Work required
Retype the listing below line for line, but only from the line with "Transforma tu espacio" down to the line with "шаруашылығы жануарларын Қазақстан", inclusive. Pictures stay out.

Input data
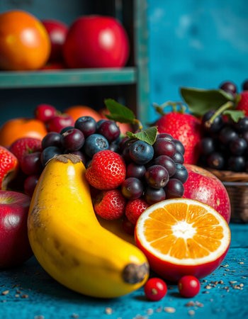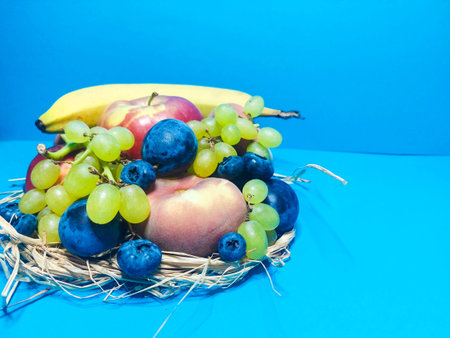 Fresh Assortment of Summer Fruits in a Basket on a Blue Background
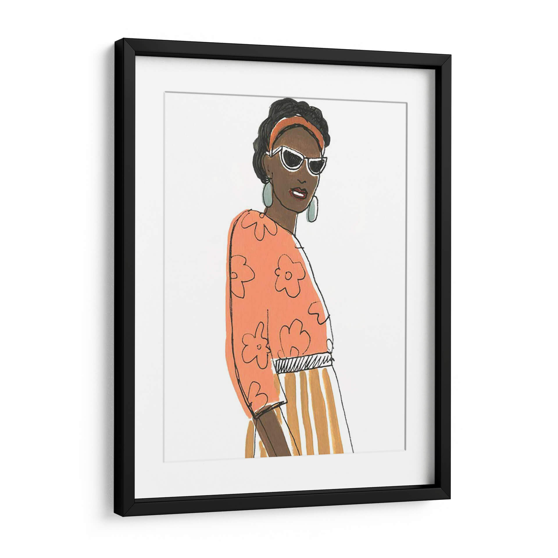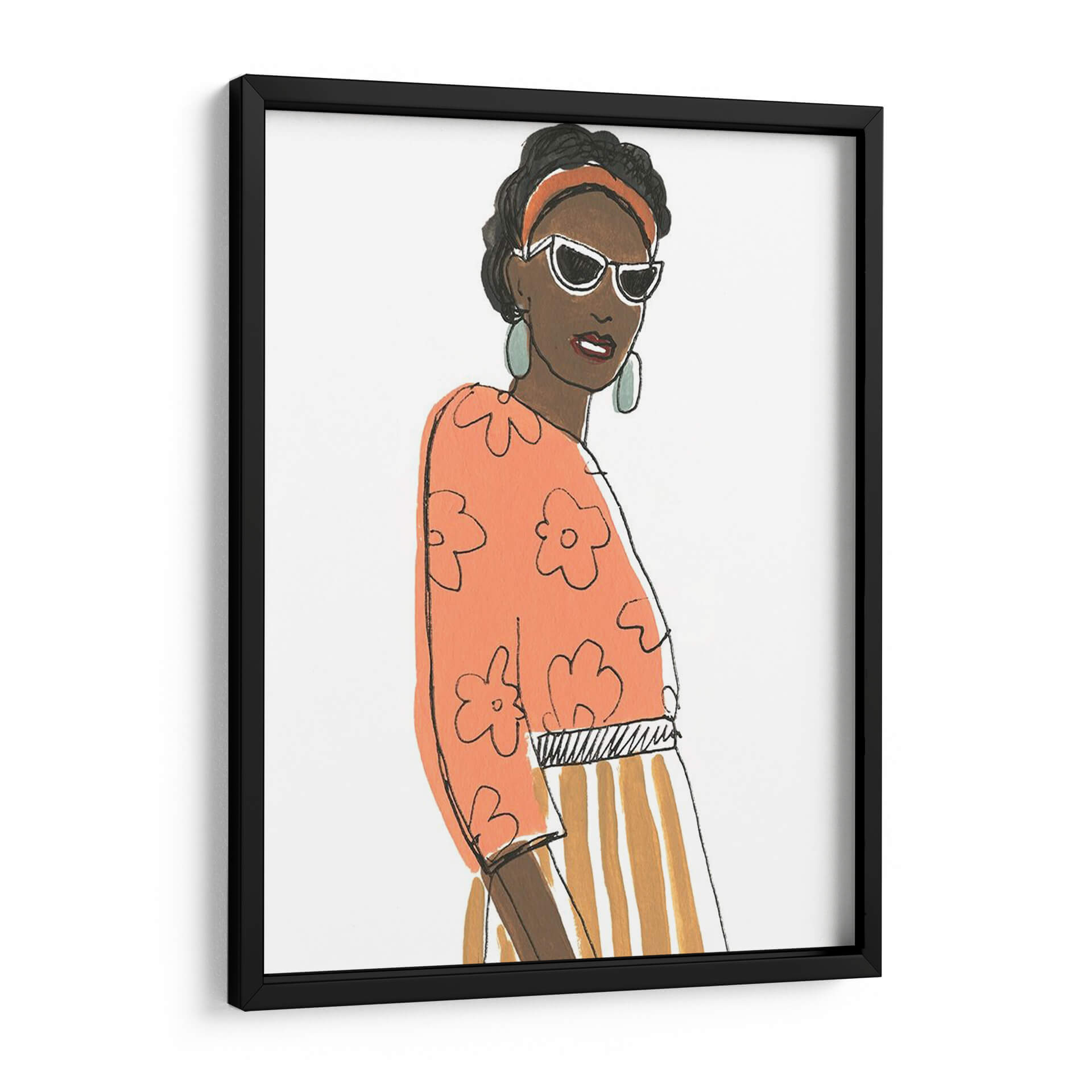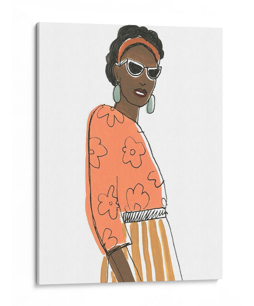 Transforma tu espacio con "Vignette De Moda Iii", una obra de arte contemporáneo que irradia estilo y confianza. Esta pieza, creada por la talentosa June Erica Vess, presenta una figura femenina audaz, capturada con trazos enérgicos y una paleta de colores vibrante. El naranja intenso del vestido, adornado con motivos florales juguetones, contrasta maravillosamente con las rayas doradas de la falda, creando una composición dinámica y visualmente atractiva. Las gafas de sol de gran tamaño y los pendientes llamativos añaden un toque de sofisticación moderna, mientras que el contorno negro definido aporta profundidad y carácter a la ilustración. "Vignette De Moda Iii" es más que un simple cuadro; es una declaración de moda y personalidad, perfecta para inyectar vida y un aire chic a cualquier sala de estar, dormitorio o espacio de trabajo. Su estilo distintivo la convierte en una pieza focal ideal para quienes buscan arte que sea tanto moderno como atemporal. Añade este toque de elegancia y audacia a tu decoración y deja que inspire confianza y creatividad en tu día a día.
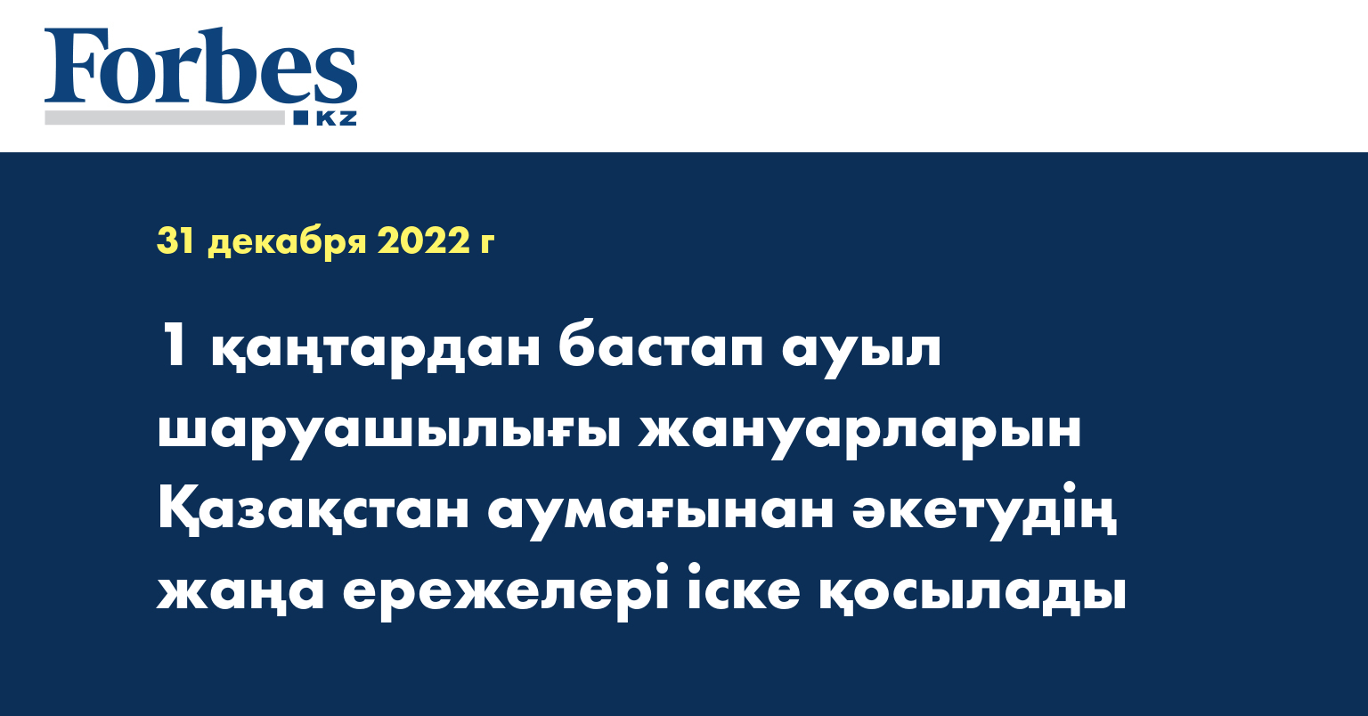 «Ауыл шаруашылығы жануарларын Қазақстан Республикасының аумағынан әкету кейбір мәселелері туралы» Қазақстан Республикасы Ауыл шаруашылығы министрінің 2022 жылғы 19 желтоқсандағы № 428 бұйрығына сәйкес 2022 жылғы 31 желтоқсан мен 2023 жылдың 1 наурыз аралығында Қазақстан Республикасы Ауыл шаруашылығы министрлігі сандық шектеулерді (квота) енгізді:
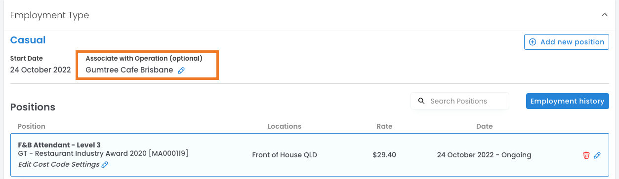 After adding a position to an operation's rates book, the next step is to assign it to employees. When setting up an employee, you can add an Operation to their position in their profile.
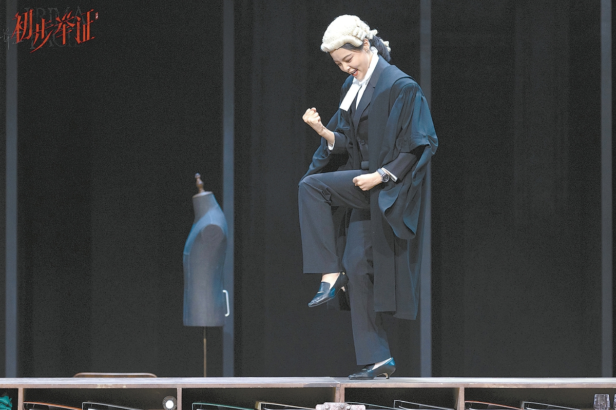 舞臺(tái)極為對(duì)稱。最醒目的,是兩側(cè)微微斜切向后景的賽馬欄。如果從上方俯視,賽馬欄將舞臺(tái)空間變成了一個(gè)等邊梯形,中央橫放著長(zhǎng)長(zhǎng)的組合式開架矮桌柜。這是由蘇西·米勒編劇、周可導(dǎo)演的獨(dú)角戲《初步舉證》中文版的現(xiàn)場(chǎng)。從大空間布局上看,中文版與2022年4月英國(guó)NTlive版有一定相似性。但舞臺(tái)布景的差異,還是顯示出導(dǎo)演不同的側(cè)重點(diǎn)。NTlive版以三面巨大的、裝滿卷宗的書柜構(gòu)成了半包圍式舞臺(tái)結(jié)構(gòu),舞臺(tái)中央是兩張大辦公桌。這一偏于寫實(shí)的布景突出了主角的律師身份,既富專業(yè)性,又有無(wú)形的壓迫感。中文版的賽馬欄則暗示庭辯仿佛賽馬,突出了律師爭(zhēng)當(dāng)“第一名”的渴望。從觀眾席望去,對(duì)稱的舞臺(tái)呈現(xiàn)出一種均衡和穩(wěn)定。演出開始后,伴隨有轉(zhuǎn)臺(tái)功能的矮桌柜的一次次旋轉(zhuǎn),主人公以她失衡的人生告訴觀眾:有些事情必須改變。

==

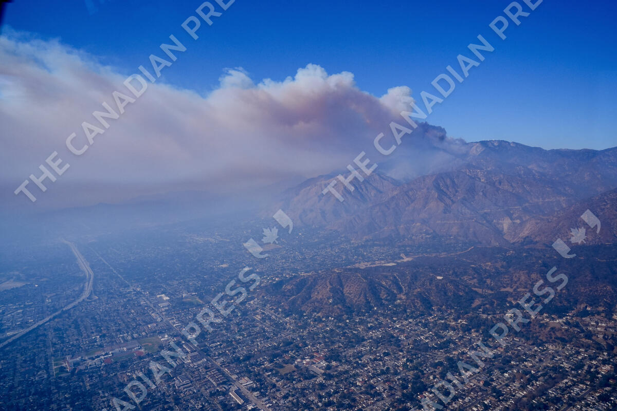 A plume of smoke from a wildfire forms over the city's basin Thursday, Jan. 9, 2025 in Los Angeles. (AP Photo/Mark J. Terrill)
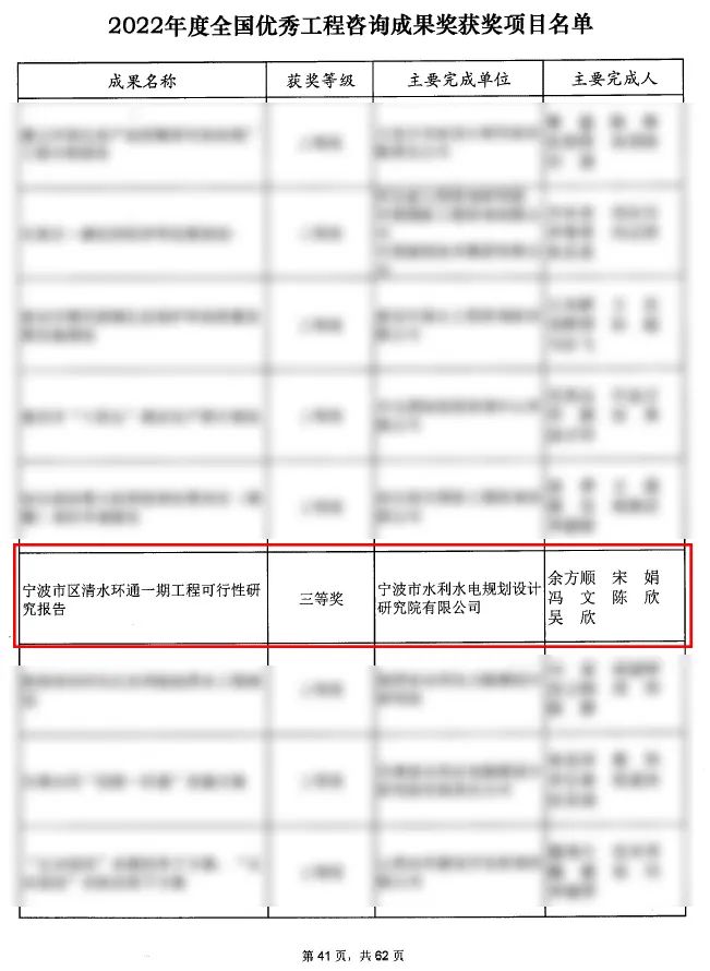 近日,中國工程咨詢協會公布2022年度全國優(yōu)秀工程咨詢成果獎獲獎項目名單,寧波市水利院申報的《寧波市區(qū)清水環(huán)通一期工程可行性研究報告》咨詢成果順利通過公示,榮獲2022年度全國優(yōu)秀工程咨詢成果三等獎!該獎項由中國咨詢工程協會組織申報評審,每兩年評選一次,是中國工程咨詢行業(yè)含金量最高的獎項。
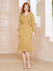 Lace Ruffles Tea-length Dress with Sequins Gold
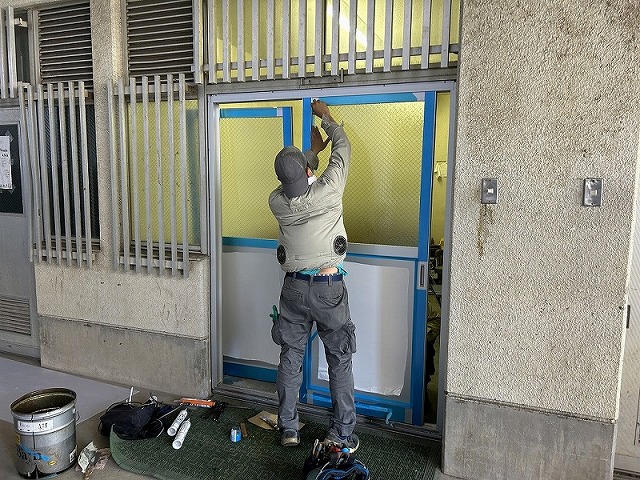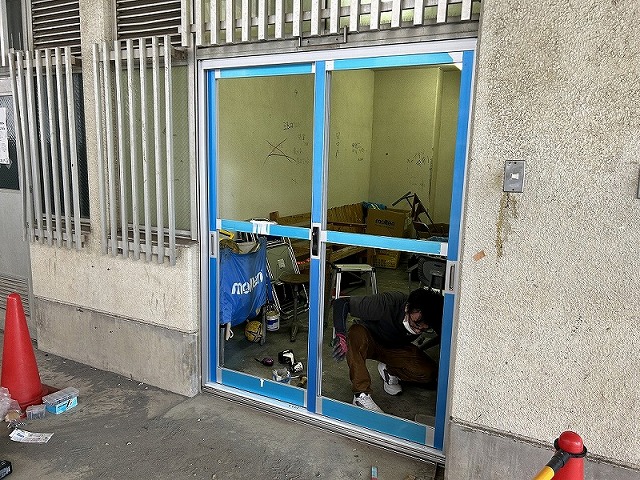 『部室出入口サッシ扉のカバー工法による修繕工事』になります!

Answer for the task
 Transforma tu espacio con "Vignette De Moda Iii", una obra de arte contemporáneo que irradia estilo y confianza. Esta pieza, creada por la talentosa June Erica Vess, presenta una figura femenina audaz, capturada con trazos enérgicos y una paleta de colores vibrante. El naranja intenso del vestido, adornado con motivos florales juguetones, contrasta maravillosamente con las rayas doradas de la falda, creando una composición dinámica y visualmente atractiva. Las gafas de sol de gran tamaño y los pendientes llamativos añaden un toque de sofisticación moderna, mientras que el contorno negro definido aporta profundidad y carácter a la ilustración. "Vignette De Moda Iii" es más que un simple cuadro; es una declaración de moda y personalidad, perfecta para inyectar vida y un aire chic a cualquier sala de estar, dormitorio o espacio de trabajo. Su estilo distintivo la convierte en una pieza focal ideal para quienes buscan arte que sea tanto moderno como atemporal. Añade este toque de elegancia y audacia a tu decoración y deja que inspire confianza y creatividad en tu día a día.
 «Ауыл шаруашылығы жануарларын Қазақстан Республикасының аумағынан әкету кейбір мәселелері туралы» Қазақстан Республикасы Ауыл шаруашылығы министрінің 2022 жылғы 19 желтоқсандағы № 428 бұйрығына сәйкес 2022 жылғы 31 желтоқсан мен 2023 жылдың 1 наурыз аралығында Қазақстан Республикасы Ауыл шаруашылығы министрлігі сандық шектеулерді (квота) енгізді:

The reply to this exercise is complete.